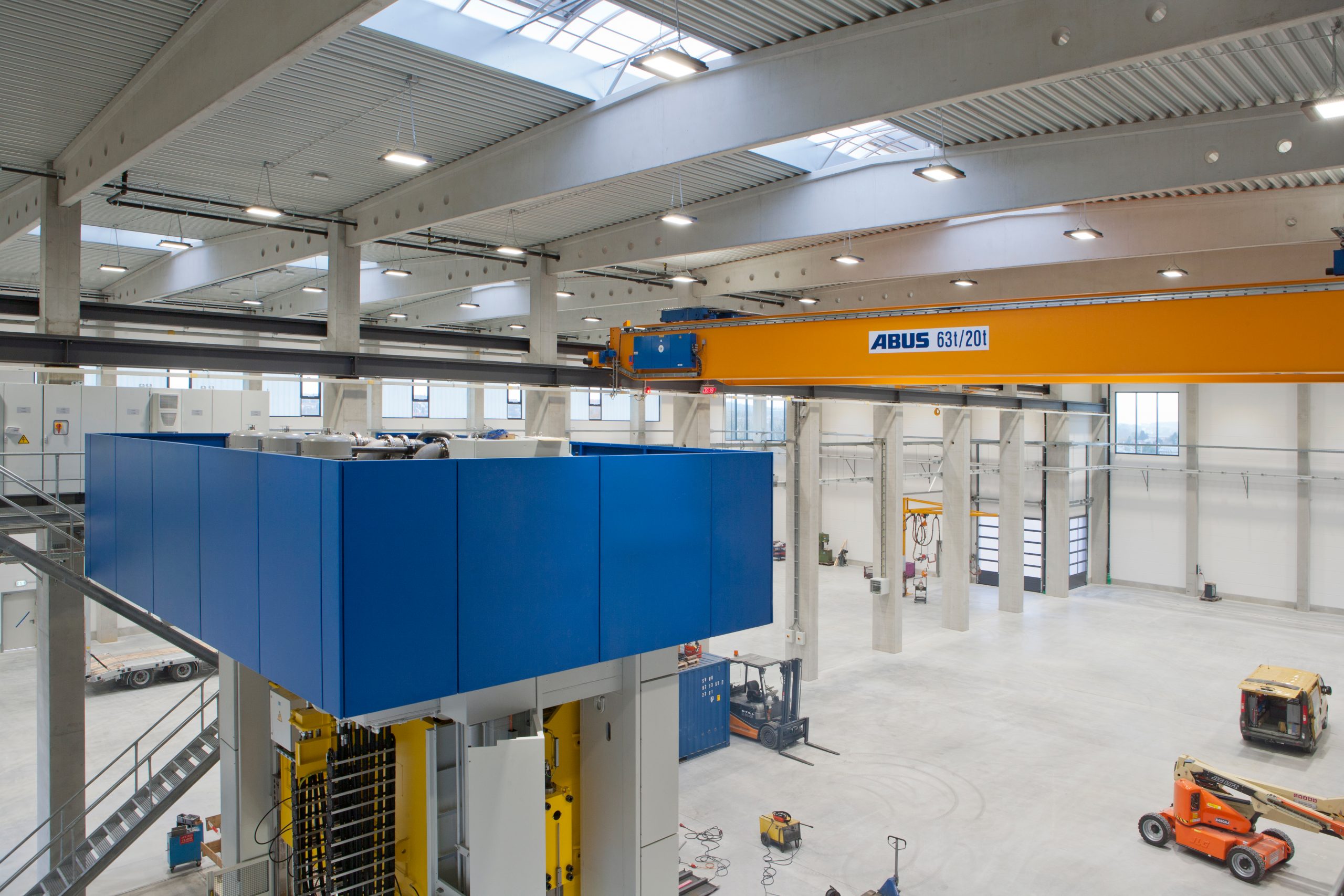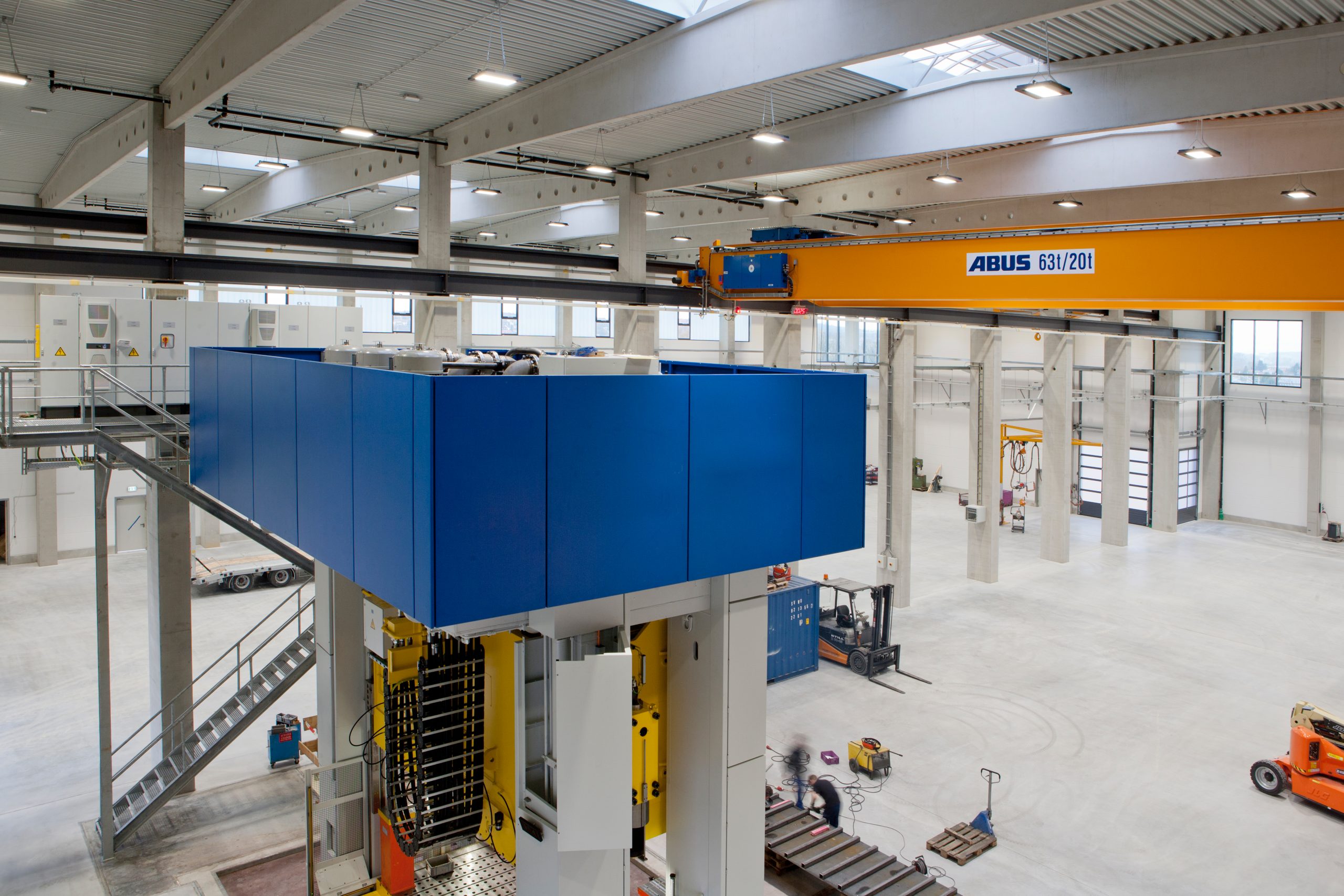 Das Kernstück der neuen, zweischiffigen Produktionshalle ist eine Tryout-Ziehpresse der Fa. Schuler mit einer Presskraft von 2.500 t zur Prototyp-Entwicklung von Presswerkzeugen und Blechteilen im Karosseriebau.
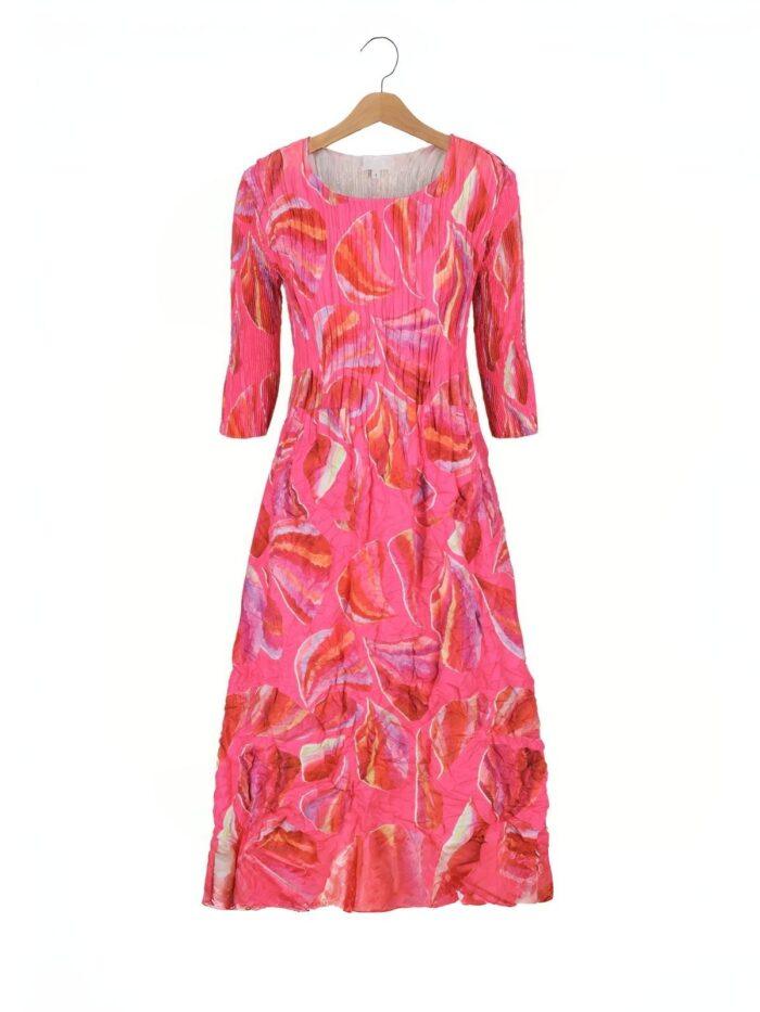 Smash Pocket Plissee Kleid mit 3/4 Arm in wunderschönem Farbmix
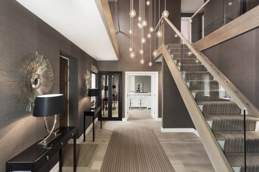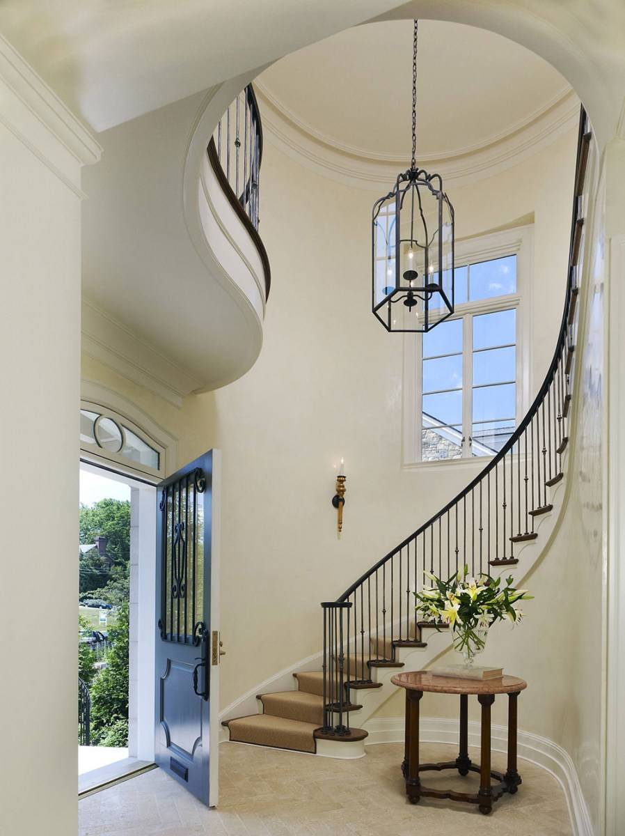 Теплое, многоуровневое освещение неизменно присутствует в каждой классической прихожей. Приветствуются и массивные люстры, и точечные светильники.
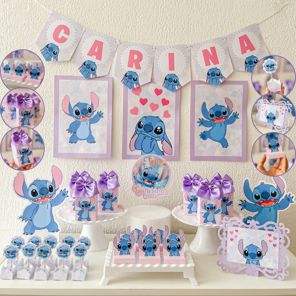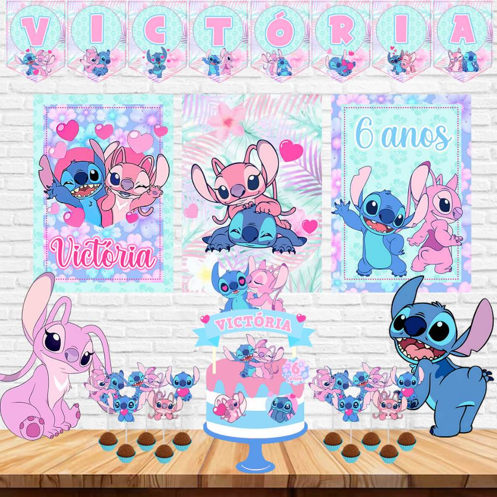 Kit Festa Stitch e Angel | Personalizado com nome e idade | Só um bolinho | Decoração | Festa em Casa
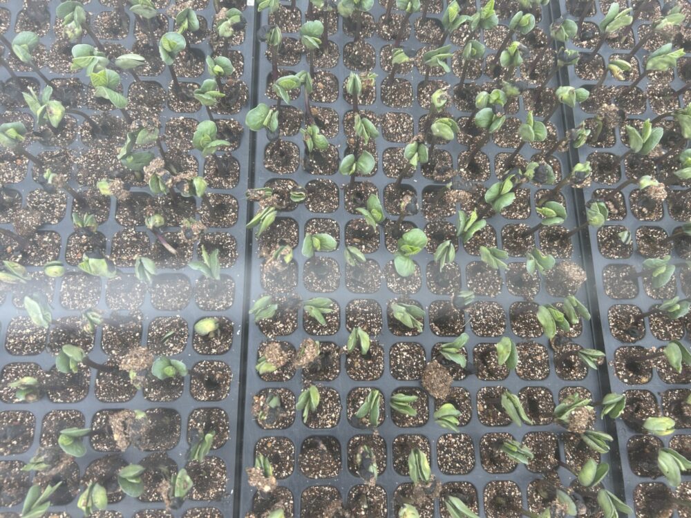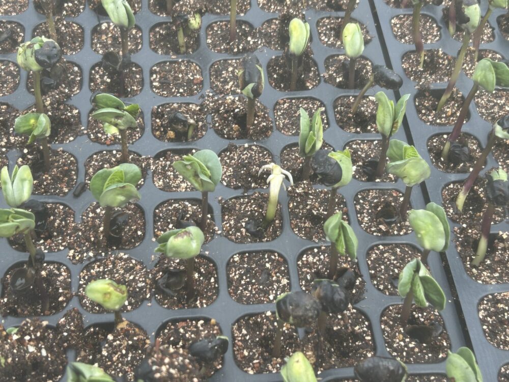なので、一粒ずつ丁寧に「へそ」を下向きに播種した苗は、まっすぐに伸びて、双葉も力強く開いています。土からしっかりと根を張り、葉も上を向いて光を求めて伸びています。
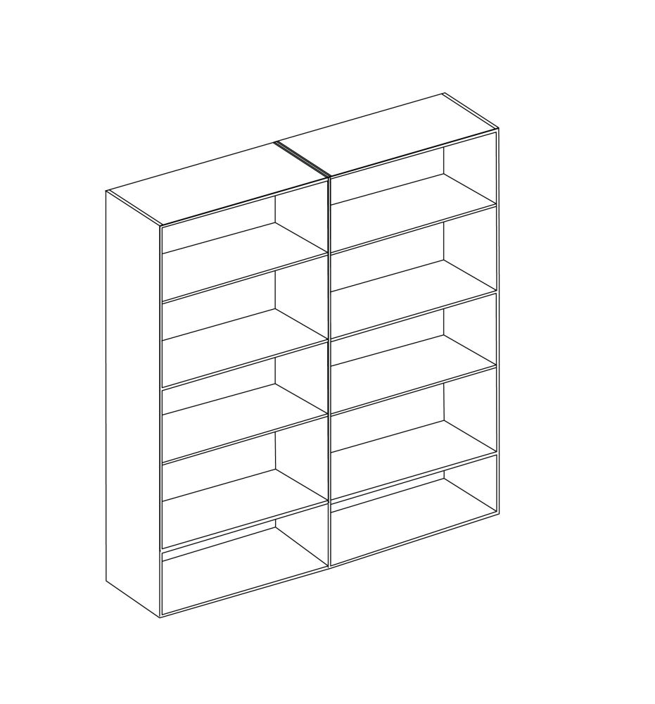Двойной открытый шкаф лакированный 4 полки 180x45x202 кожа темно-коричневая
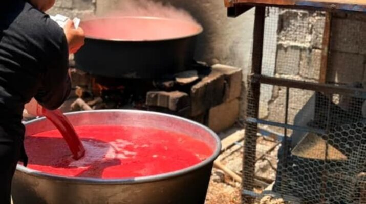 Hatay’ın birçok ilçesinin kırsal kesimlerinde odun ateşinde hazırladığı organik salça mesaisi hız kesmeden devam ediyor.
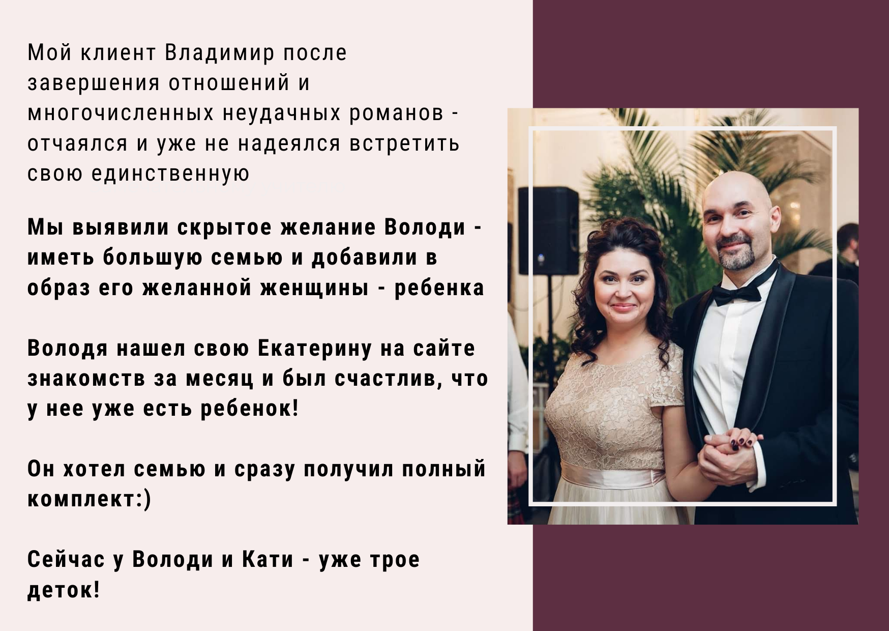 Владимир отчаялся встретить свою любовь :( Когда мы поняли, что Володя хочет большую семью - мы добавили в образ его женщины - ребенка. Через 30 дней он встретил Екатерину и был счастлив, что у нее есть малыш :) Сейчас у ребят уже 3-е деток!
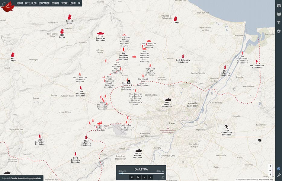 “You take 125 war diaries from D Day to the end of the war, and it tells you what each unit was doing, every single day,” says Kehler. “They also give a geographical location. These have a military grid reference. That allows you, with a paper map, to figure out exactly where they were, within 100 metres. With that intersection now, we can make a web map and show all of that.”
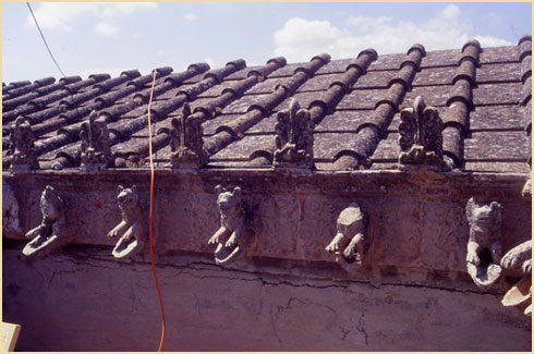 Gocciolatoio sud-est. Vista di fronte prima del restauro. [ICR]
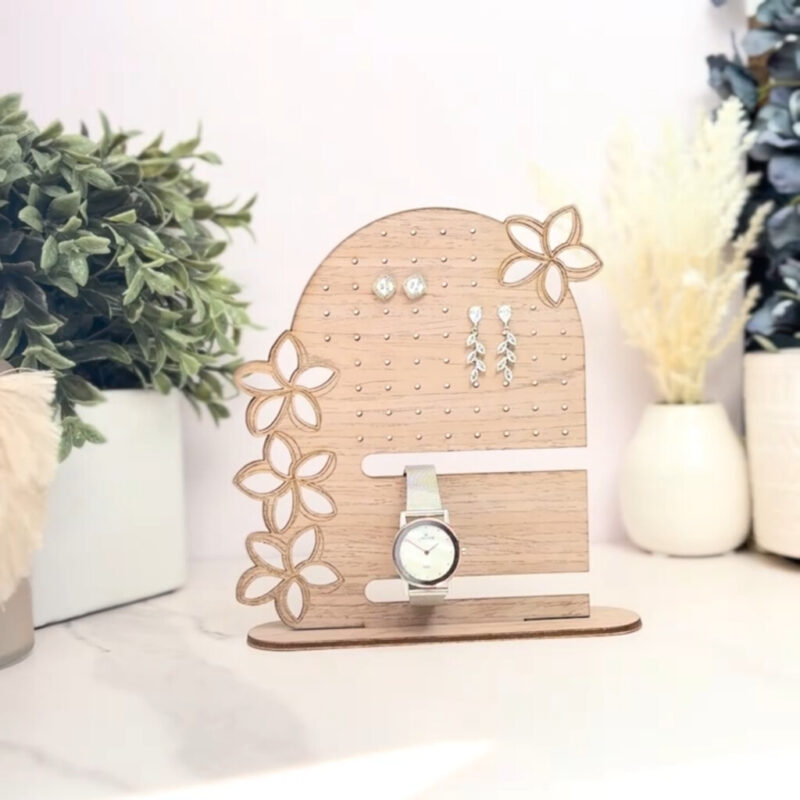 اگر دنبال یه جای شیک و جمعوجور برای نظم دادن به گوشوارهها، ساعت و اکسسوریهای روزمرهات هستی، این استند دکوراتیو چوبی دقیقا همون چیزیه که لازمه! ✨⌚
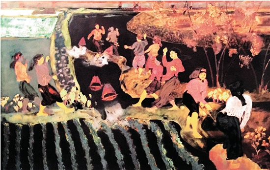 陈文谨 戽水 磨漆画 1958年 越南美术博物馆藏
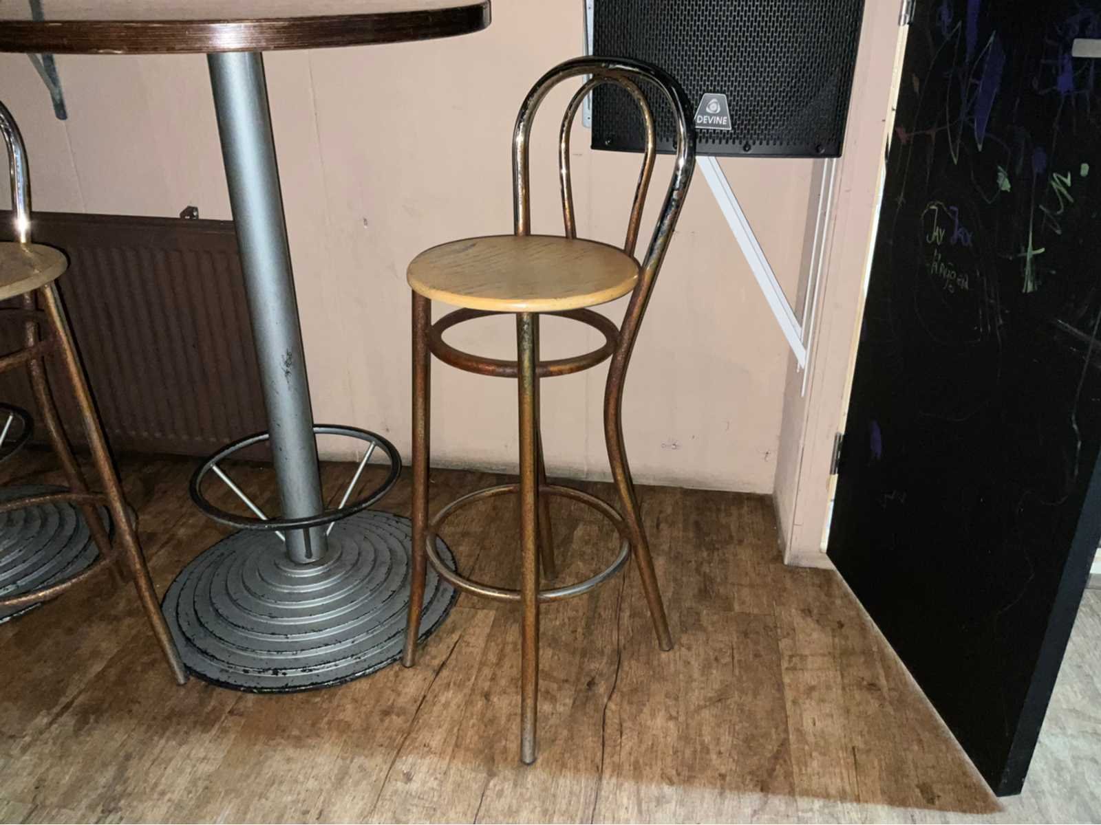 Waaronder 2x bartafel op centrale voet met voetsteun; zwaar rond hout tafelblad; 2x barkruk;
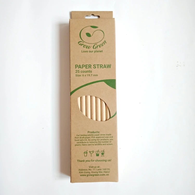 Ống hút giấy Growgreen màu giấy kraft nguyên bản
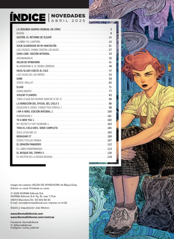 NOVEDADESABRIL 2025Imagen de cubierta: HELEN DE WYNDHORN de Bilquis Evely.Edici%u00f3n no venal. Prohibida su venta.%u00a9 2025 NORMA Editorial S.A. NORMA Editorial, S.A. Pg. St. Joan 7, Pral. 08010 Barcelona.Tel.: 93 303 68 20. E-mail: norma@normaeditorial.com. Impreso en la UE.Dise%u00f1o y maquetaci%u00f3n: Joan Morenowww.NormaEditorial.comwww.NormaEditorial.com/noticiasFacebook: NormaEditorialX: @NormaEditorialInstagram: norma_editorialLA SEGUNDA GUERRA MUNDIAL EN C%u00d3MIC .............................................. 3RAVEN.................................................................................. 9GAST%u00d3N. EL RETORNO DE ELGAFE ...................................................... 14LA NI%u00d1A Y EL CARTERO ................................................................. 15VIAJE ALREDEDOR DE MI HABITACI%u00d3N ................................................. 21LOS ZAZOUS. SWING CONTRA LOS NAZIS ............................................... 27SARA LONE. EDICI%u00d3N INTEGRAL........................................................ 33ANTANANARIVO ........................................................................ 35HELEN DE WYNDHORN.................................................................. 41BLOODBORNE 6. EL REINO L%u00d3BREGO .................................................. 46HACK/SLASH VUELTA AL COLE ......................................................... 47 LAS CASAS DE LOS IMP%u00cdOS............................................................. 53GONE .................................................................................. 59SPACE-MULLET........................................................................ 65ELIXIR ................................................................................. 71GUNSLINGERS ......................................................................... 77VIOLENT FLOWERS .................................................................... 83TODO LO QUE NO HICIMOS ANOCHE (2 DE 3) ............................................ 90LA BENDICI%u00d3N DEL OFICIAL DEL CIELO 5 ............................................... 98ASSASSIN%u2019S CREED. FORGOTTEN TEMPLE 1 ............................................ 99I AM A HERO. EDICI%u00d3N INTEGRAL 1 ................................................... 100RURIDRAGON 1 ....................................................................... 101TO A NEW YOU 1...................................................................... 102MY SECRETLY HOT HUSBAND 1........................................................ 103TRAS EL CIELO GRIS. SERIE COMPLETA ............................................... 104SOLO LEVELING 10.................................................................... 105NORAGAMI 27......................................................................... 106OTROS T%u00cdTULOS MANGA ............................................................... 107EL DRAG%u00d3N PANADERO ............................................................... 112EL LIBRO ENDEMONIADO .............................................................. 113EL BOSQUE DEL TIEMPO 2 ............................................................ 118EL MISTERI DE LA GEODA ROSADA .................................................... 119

========

* [TASK TO CARRY OUT] Could you restate all of the data above word for word and skip every picture?

* [REPLY TO THE TASK]
 Das Kernstück der neuen, zweischiffigen Produktionshalle ist eine Tryout-Ziehpresse der Fa. Schuler mit einer Presskraft von 2.500 t zur Prototyp-Entwicklung von Presswerkzeugen und Blechteilen im Karosseriebau.
 Smash Pocket Plissee Kleid mit 3/4 Arm in wunderschönem Farbmix
 Теплое, многоуровневое освещение неизменно присутствует в каждой классической прихожей. Приветствуются и массивные люстры, и точечные светильники.
 Kit Festa Stitch e Angel | Personalizado com nome e idade | Só um bolinho | Decoração | Festa em Casa
なので、一粒ずつ丁寧に「へそ」を下向きに播種した苗は、まっすぐに伸びて、双葉も力強く開いています。土からしっかりと根を張り、葉も上を向いて光を求めて伸びています。
Двойной открытый шкаф лакированный 4 полки 180x45x202 кожа темно-коричневая
 Hatay’ın birçok ilçesinin kırsal kesimlerinde odun ateşinde hazırladığı organik salça mesaisi hız kesmeden devam ediyor.
 Владимир отчаялся встретить свою любовь :( Когда мы поняли, что Володя хочет большую семью - мы добавили в образ его женщины - ребенка. Через 30 дней он встретил Екатерину и был счастлив, что у нее есть малыш :) Сейчас у ребят уже 3-е деток!
 “You take 125 war diaries from D Day to the end of the war, and it tells you what each unit was doing, every single day,” says Kehler. “They also give a geographical location. These have a military grid reference. That allows you, with a paper map, to figure out exactly where they were, within 100 metres. With that intersection now, we can make a web map and show all of that.”
 Gocciolatoio sud-est. Vista di fronte prima del restauro. [ICR]
 اگر دنبال یه جای شیک و جمعوجور برای نظم دادن به گوشوارهها، ساعت و اکسسوریهای روزمرهات هستی، این استند دکوراتیو چوبی دقیقا همون چیزیه که لازمه! ✨⌚
 陈文谨 戽水 磨漆画 1958年 越南美术博物馆藏
 Waaronder 2x bartafel op centrale voet met voetsteun; zwaar rond hout tafelblad; 2x barkruk;
 Ống hút giấy Growgreen màu giấy kraft nguyên bản
 NOVEDADESABRIL 2025Imagen de cubierta: HELEN DE WYNDHORN de Bilquis Evely.Edici%u00f3n no venal. Prohibida su venta.%u00a9 2025 NORMA Editorial S.A. NORMA Editorial, S.A. Pg. St. Joan 7, Pral. 08010 Barcelona.Tel.: 93 303 68 20. E-mail: norma@normaeditorial.com. Impreso en la UE.Dise%u00f1o y maquetaci%u00f3n: Joan Morenowww.NormaEditorial.comwww.NormaEditorial.com/noticiasFacebook: NormaEditorialX: @NormaEditorialInstagram: norma_editorialLA SEGUNDA GUERRA MUNDIAL EN C%u00d3MIC .............................................. 3RAVEN.................................................................................. 9GAST%u00d3N. EL RETORNO DE ELGAFE ...................................................... 14LA NI%u00d1A Y EL CARTERO ................................................................. 15VIAJE ALREDEDOR DE MI HABITACI%u00d3N ................................................. 21LOS ZAZOUS. SWING CONTRA LOS NAZIS ............................................... 27SARA LONE. EDICI%u00d3N INTEGRAL........................................................ 33ANTANANARIVO ........................................................................ 35HELEN DE WYNDHORN.................................................................. 41BLOODBORNE 6. EL REINO L%u00d3BREGO .................................................. 46HACK/SLASH VUELTA AL COLE ......................................................... 47 LAS CASAS DE LOS IMP%u00cdOS............................................................. 53GONE .................................................................................. 59SPACE-MULLET........................................................................ 65ELIXIR ................................................................................. 71GUNSLINGERS ......................................................................... 77VIOLENT FLOWERS .................................................................... 83TODO LO QUE NO HICIMOS ANOCHE (2 DE 3) ............................................ 90LA BENDICI%u00d3N DEL OFICIAL DEL CIELO 5 ............................................... 98ASSASSIN%u2019S CREED. FORGOTTEN TEMPLE 1 ............................................ 99I AM A HERO. EDICI%u00d3N INTEGRAL 1 ................................................... 100RURIDRAGON 1 ....................................................................... 101TO A NEW YOU 1...................................................................... 102MY SECRETLY HOT HUSBAND 1........................................................ 103TRAS EL CIELO GRIS. SERIE COMPLETA ............................................... 104SOLO LEVELING 10.................................................................... 105NORAGAMI 27......................................................................... 106OTROS T%u00cdTULOS MANGA ............................................................... 107EL DRAG%u00d3N PANADERO ............................................................... 112EL LIBRO ENDEMONIADO .............................................................. 113EL BOSQUE DEL TIEMPO 2 ............................................................ 118EL MISTERI DE LA GEODA ROSADA .................................................... 119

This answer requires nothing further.